Domain-Aware Cross-Attention for Cross-domain Recommendation
This addresses the challenge of sparse data in recommender systems for industrial applications, though it appears incremental as it builds on existing cross-domain methods.
The paper tackles the problem of cross-domain recommendation by introducing a domain-aware cross-attention method to improve performance in sparse target domains, achieving significant improvements in Click-Through-Rate (CTR) and effective cost per mille (ECPM) in online deployment.

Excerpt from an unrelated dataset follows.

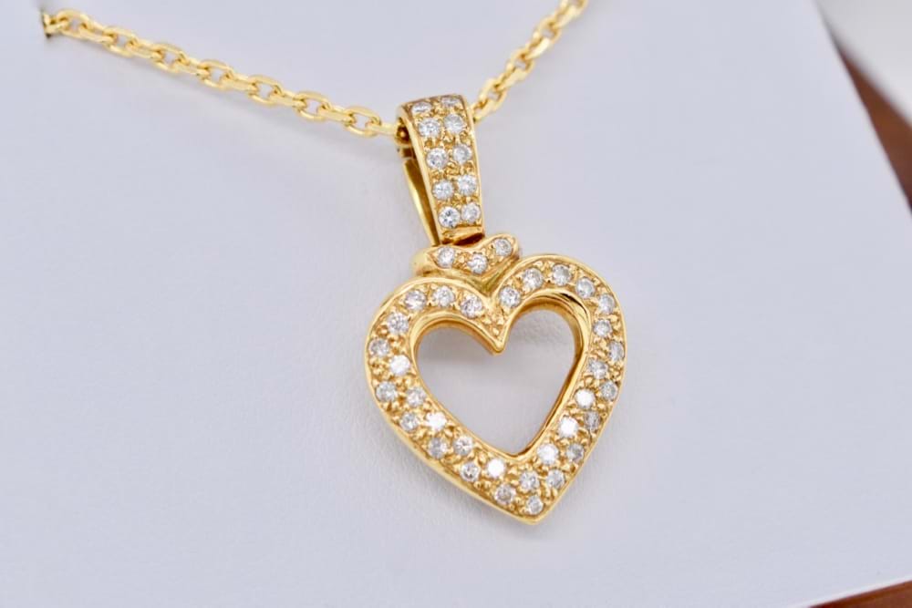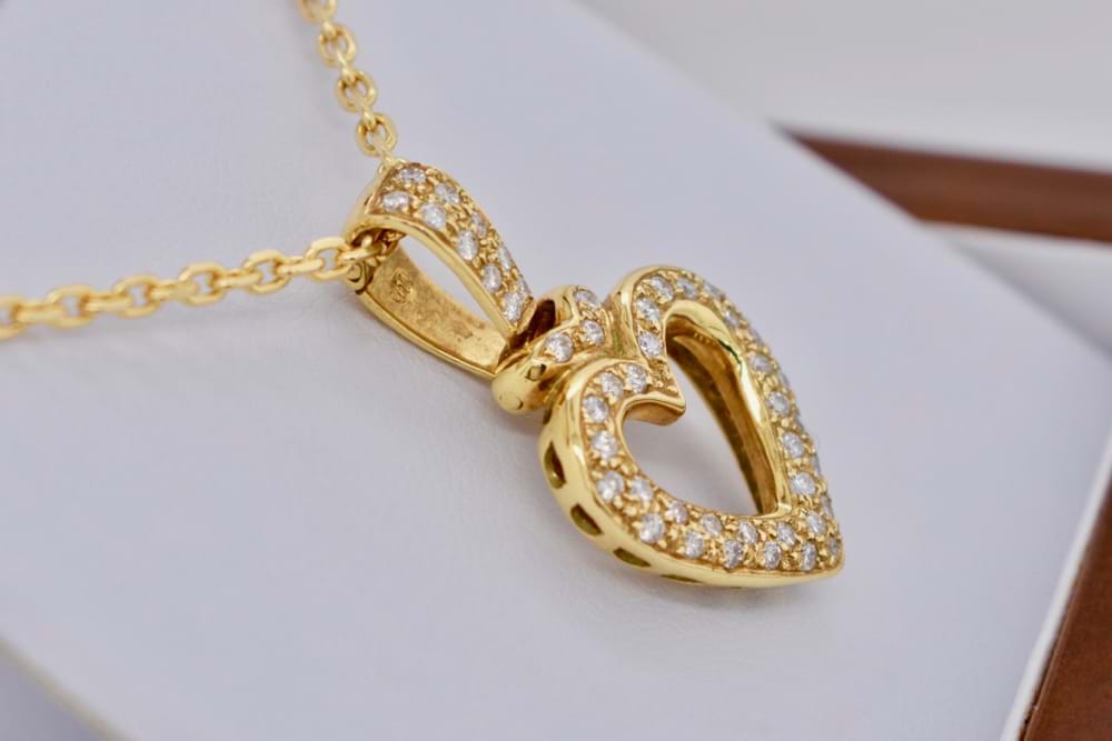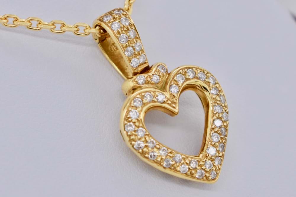 Elegant 18ct yellow gold diamond heart enhancer. The heart is set with 45 round brilliant cut diamonds pave set totaling 0.45ct. The enhancer bail is also pave set with diamonds.

Cross-domain recommendation (CDR) is an important method to improve recommender system performance, especially when observations in target domains are sparse. However, most existing cross-domain recommendations fail to fully utilize the target domain's special features and are hard to be generalized to new domains. The designed network is complex and is not suitable for rapid industrial deployment. Our method introduces a two-step domain-aware cross-attention, extracting transferable features of the source domain from different granularity, which allows the efficient expression of both domain and user interests. In addition, we simplify the training process, and our model can be easily deployed on new domains. We conduct experiments on both public datasets and industrial datasets, and the experimental results demonstrate the effectiveness of our method. We have also deployed the model in an online advertising system and observed significant improvements in both Click-Through-Rate (CTR) and effective cost per mille (ECPM).